The overall inflation rate as measured by the Consumer Price Index (CPI) has been gradually increasing from almost zero in the middle of 2020 to 1.70% as of February of this year. As we mentioned earlier in this commentary, the Fed’s plan is to allow the rate to go above 2% for some time. The assumption is that the central bank will be able to influence or even control inflation by using a wide variety of instruments at its disposal. Only time will tell if this actually happens, but those who have significant percentages of their portfolio in bonds will likely be at a “double” disadvantage if interest and inflation rates begin to increase at the same time.

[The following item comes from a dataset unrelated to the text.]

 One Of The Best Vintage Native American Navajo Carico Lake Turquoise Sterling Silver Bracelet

For purposes of completeness, we wanted to include President Biden’s $2.3 trillion infrastructure plan in this commentary. This proposed amount will be used over eight years on critical infrastructures such as roads and bridges, telecommunications, schools and housing, research and development, and clean energy, including a plan to ramp up offshore wind farms. The proposal includes an increase in the corporate tax rate to 28%, up from 21%, and other provisions that would raise revenue for the proposed projects. As it stands today, the bill represents approximately 10% of the U.S. GDP. The final vote on the bill will likely happen this summer and we will certainly update everyone on the potential impacts in our quarterly commentary or periodic market update webinars.

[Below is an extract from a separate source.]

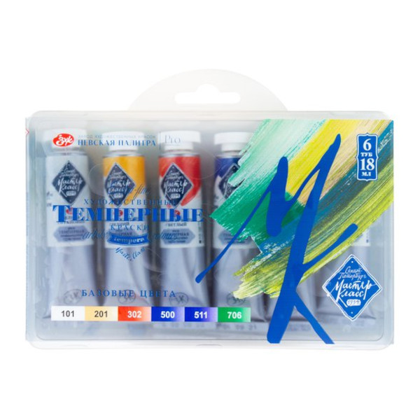 Краски темперные Невская палитра "Мастер класс" базовые 6цв, 18мл в тубе, пластик.коррекс 161392078

In terms of our asset allocation strategy, we continue to believe that value-oriented equities provide more “value” than growth stocks in the current market environment. Many companies in this category are economically sensitive and tend to perform well when the economy is expanding (e.g. manufacturing). A rising interest rate environment is also a negative for some growth stocks, at least in the short-term, as many of them do not have strong cash flows and most of their earnings are expected to happen in the future.

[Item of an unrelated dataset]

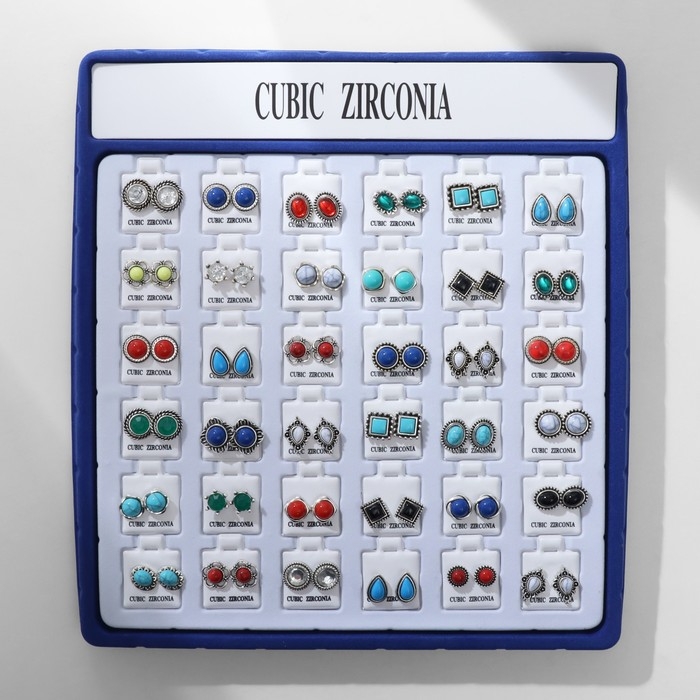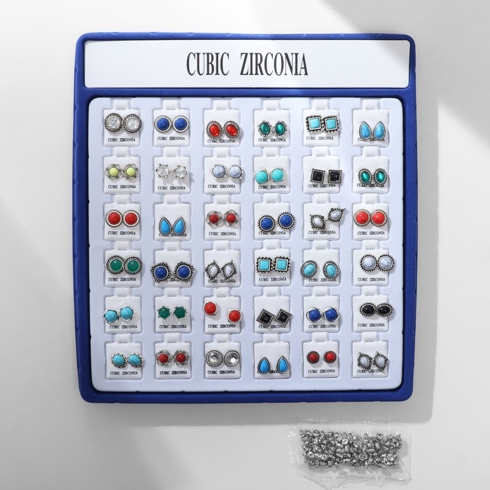 Пусеты в коробке 36 пар «Натурель», цвет МИКС в чернёном серебре

Many emerging market stocks, especially Asian equities, performed exceedingly well in 2020. Centralized or more organized response to the pandemic, when compared to developed nations, is one of the main reasons for such performance results. We continue to believe that those parts of the world will generate significant returns in the future. As part of our disciplined approach, we are planning to gradually reduce the allocation to emerging market stocks in some of our managed portfolios. Some of the proceeds will be reinvested in European equities. Economies of many European countries tend to focus on more cyclical industries such as banking, manufacturing, and tourism and, as a result, tend to be more value-oriented and benefit from the same factors we described earlier.
Given the recent strong performance of more aggressive asset classes such as mid-and small-cap stocks, we already rebalanced most of our managed portfolios in January and February of this year. We strongly believe that these asset classes need to be managed and adjusted more frequently than more mature large-cap equities. Their performance tends to be move volatile and rarely lasts for extended periods of time. We will continue to maintain the allocations to these equities in our managed portfolios, but want to be more proactive when we see significant increases (or decreases) in their prices.
Thank you and stay safe and healthy!